> **Exercise brief**
Word for word, copy the entire listing below, but do not carry over any pictures.

> **Provided material**
....

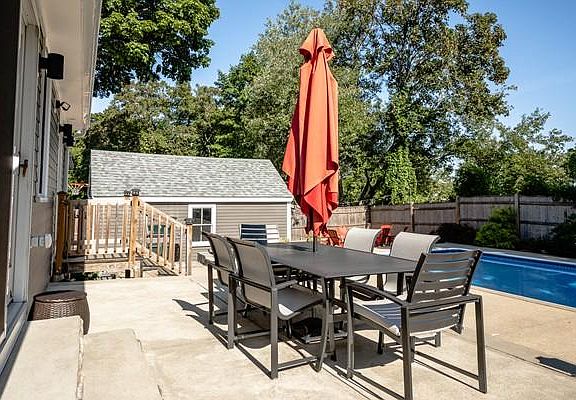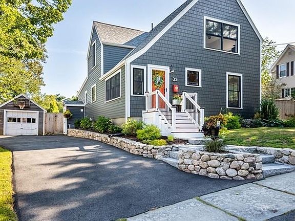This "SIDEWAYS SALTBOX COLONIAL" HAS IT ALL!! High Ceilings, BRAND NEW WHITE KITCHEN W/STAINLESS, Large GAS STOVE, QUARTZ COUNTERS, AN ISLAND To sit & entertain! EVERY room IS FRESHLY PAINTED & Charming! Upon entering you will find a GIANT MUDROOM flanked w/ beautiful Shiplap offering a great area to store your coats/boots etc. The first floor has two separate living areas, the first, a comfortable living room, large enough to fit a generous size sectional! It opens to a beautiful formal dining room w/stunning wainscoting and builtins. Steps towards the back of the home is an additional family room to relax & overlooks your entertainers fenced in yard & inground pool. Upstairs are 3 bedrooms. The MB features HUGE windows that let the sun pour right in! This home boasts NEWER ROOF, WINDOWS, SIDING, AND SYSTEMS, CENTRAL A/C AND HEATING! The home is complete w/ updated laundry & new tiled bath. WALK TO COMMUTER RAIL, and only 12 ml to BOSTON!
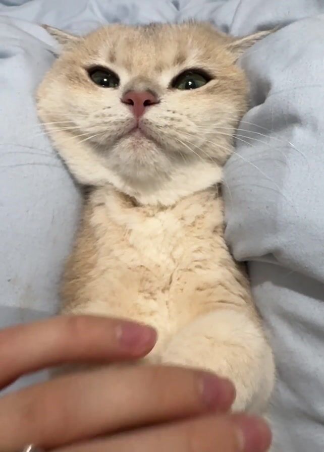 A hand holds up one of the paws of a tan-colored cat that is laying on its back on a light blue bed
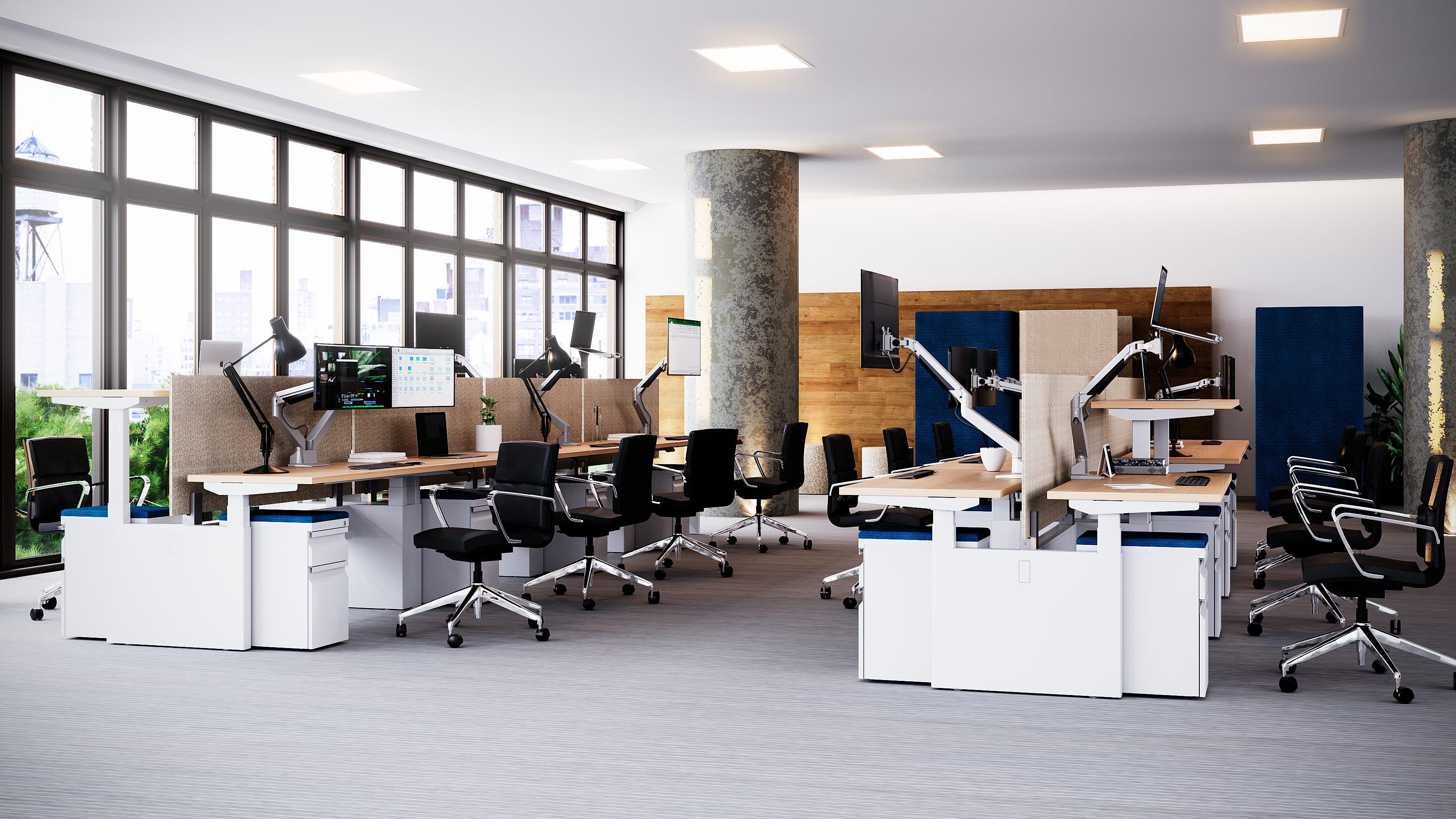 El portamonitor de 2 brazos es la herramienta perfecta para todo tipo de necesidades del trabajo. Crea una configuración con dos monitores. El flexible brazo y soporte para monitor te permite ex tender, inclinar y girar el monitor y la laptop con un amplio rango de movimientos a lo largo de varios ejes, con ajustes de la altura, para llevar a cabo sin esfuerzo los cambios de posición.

....

> **Answer space**
This "SIDEWAYS SALTBOX COLONIAL" HAS IT ALL!! High Ceilings, BRAND NEW WHITE KITCHEN W/STAINLESS, Large GAS STOVE, QUARTZ COUNTERS, AN ISLAND To sit & entertain! EVERY room IS FRESHLY PAINTED & Charming! Upon entering you will find a GIANT MUDROOM flanked w/ beautiful Shiplap offering a great area to store your coats/boots etc. The first floor has two separate living areas, the first, a comfortable living room, large enough to fit a generous size sectional! It opens to a beautiful formal dining room w/stunning wainscoting and builtins. Steps towards the back of the home is an additional family room to relax & overlooks your entertainers fenced in yard & inground pool. Upstairs are 3 bedrooms. The MB features HUGE windows that let the sun pour right in! This home boasts NEWER ROOF, WINDOWS, SIDING, AND SYSTEMS, CENTRAL A/C AND HEATING! The home is complete w/ updated laundry & new tiled bath. WALK TO COMMUTER RAIL, and only 12 ml to BOSTON!
 A hand holds up one of the paws of a tan-colored cat that is laying on its back on a light blue bed
 El portamonitor de 2 brazos es la herramienta perfecta para todo tipo de necesidades del trabajo. Crea una configuración con dos monitores. El flexible brazo y soporte para monitor te permite ex tender, inclinar y girar el monitor y la laptop con un amplio rango de movimientos a lo largo de varios ejes, con ajustes de la altura, para llevar a cabo sin esfuerzo los cambios de posición.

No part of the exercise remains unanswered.